Figure 1: Key kinase resources available on the KLIFS database.

KLIFS OpenAPI¶

The KLIFS database offers standardized URL schemes (REST API) to programmatically access resources that live on the KLIFS server. You could literally paste such an URL into your browser (sending a request) and you would get back a result (receiving a response).
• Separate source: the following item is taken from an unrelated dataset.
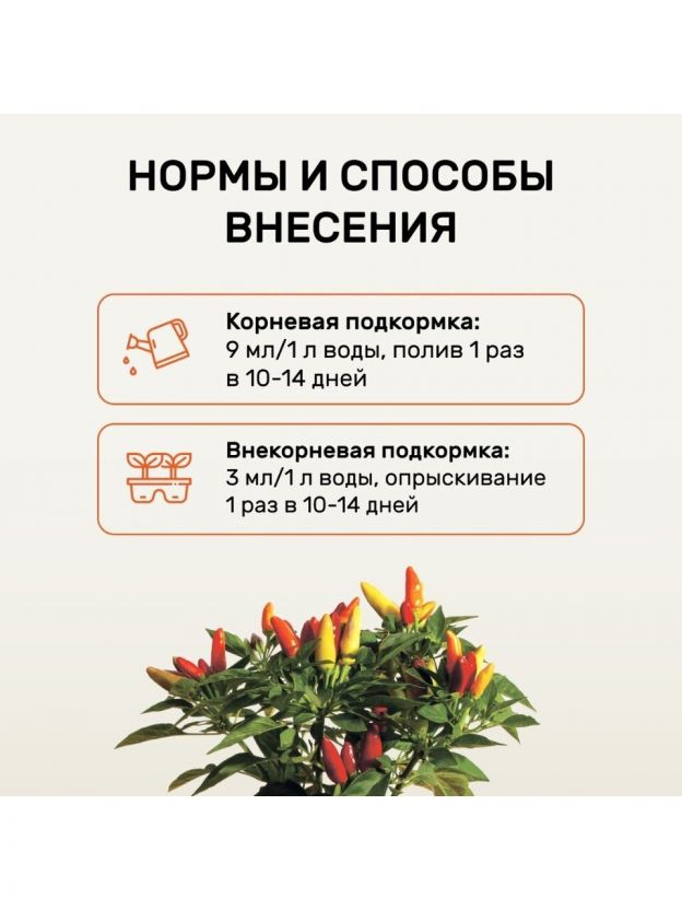 Разведите 10-20 мл удобрения в 1 литре воды и поливайте или опрыскивайте растения 1 раз в 7-10 дней. Подходит для томатов, огурцов, лука, зелени, перцев и баклажанов. Флакона 400 мл хватает на весь сезон.

For example, the following URL will fetch from KLIFS all ChEMBL bioactivity values associated with the kinase inhibitor Gefitinib (ligand expo ID in the PDB: IRE):

https://klifs.net/api/bioactivity_list_pdb?ligand_PDB=IRE

Now, it would be possible to generate these URL schemes with your own little script or library (client), but it would really be nicer if you would not need to deal with the technical details of how to set up such an URL. Luckily, there is a solution - some websites provide a document that defines the REST API scheme for you (OpenAPI specification, formerly Swagger specification). KLIFS is one of them!

Take a look at how such a document looks like in case of KLIFS (it’s a json file): https://klifs.net/swagger/swagger.json
You can also explore the definitions via an interactive user interface (Swagger UI): http://klifs.net/swagger/

We know now that we can get KLIFS results using URLs and we know thanks to the KLIFS OpenAPI definitions how these URLs need to look like. What we are still missing is a nice Python program (client) that offers a simple Python API to send these requests and receive the responses - under the hood - for us.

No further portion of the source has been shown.